=== RECORDED DATA ===

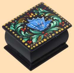 Каталог » Шкатулки » Шкатулки Палех (лаковая миниатюра) » Шкатулка Палех На листочках (мини)
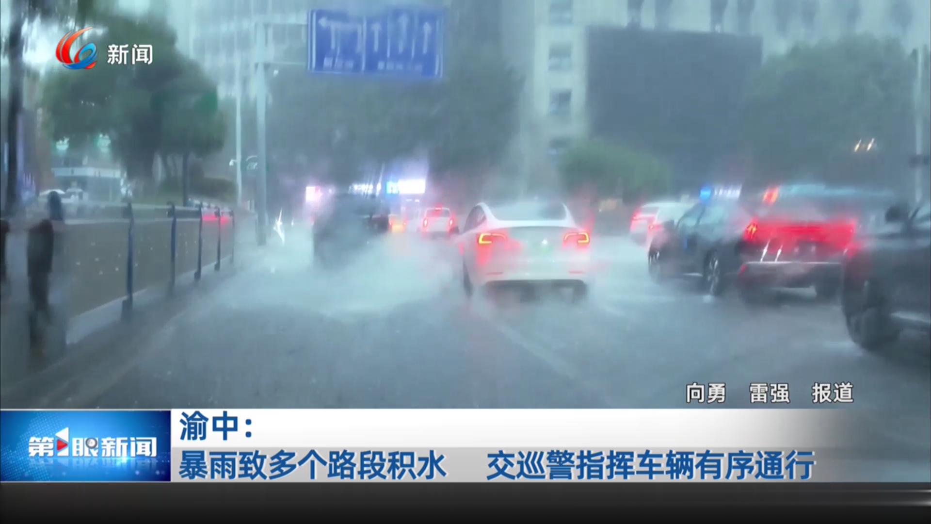 暴雨致多个路段积水 交巡警指挥车辆有序通行
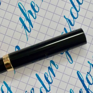 Here is a beautiful Wahl ring top in the stunning Lapis Lazuli blue. The pen is in great overall condition. The lapis blue is still very nice with little to no fading, and the black on the ends still looks new. There are some very light surface wear that you see with normal use, but you won’t notice it unless you look very close. The gold-filled trim is also in nice condition. There is only some very, very minor brassing on the edges of the lever. The 14kt. Eversharp “Flexible” #2 nib is a lovely soft nib that writes around a 0.25mm line, so between an XXF and an XF. The fine line makes flex work even more beautiful. Ease of flex is right in between “Super Flex” and “Wet Noodle,” so high end “Super Flex” or low end “Wet Noodle.” Range of flex goes from 0.25mm to 1.7mm, so there’s a lot of line to work with. Overall, a stunning Wahl Ring Top with top notch flex.
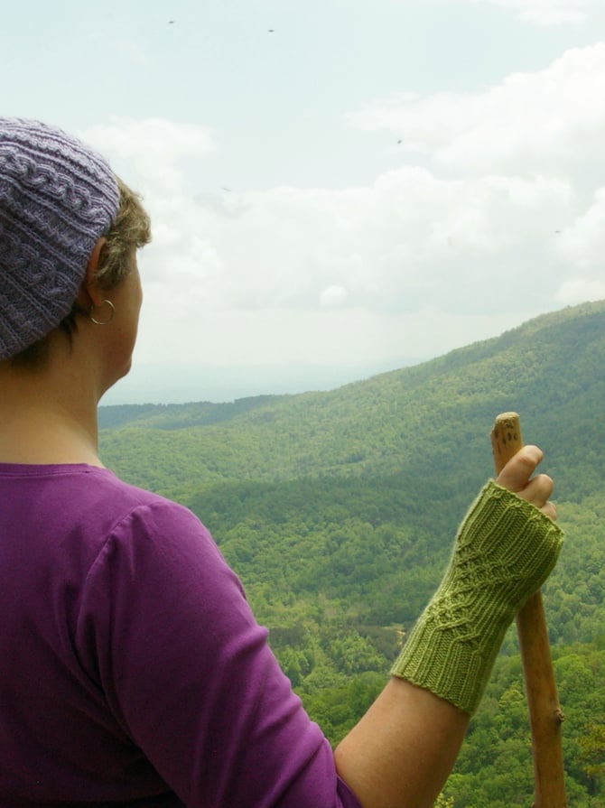 The Shenandoah National Park, through which Skyline Drive snakes, is very close to my home in the mountains of Virginia. At all times of year we like to go up in the Park for quick hikes with the dog and kids. The twisting stitches at the wrist of these mitts remind me of the passes – gaps – through the mountains, and particularly of Swift Run Gap, which has wonderfully fractured rock faces and rivulets of water everywhere in the spring after it rains.
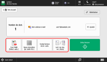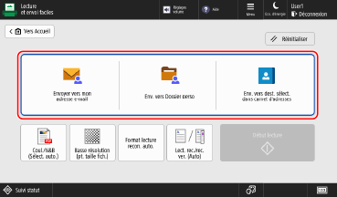 Avec Lecture et envoi faciles/Lecture facile, vous pouvez configurer les fonctions de base, telles que spécifier des destinataires et régler les couleurs, en utilisant simplement des boutons.
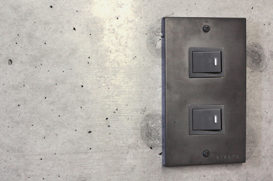 コンクリートの打ちっぱなし等に特に相性がよいスイッチプレートです。

===

## WORK REQUEST
Without the pictures, copy the entries from their first line through the line containing "暴雨致多个路段积水 交巡警指挥车辆有序通行", and only those lines.

## YOUR SOLUTION
 Каталог » Шкатулки » Шкатулки Палех (лаковая миниатюра) » Шкатулка Палех На листочках (мини)
 暴雨致多个路段积水 交巡警指挥车辆有序通行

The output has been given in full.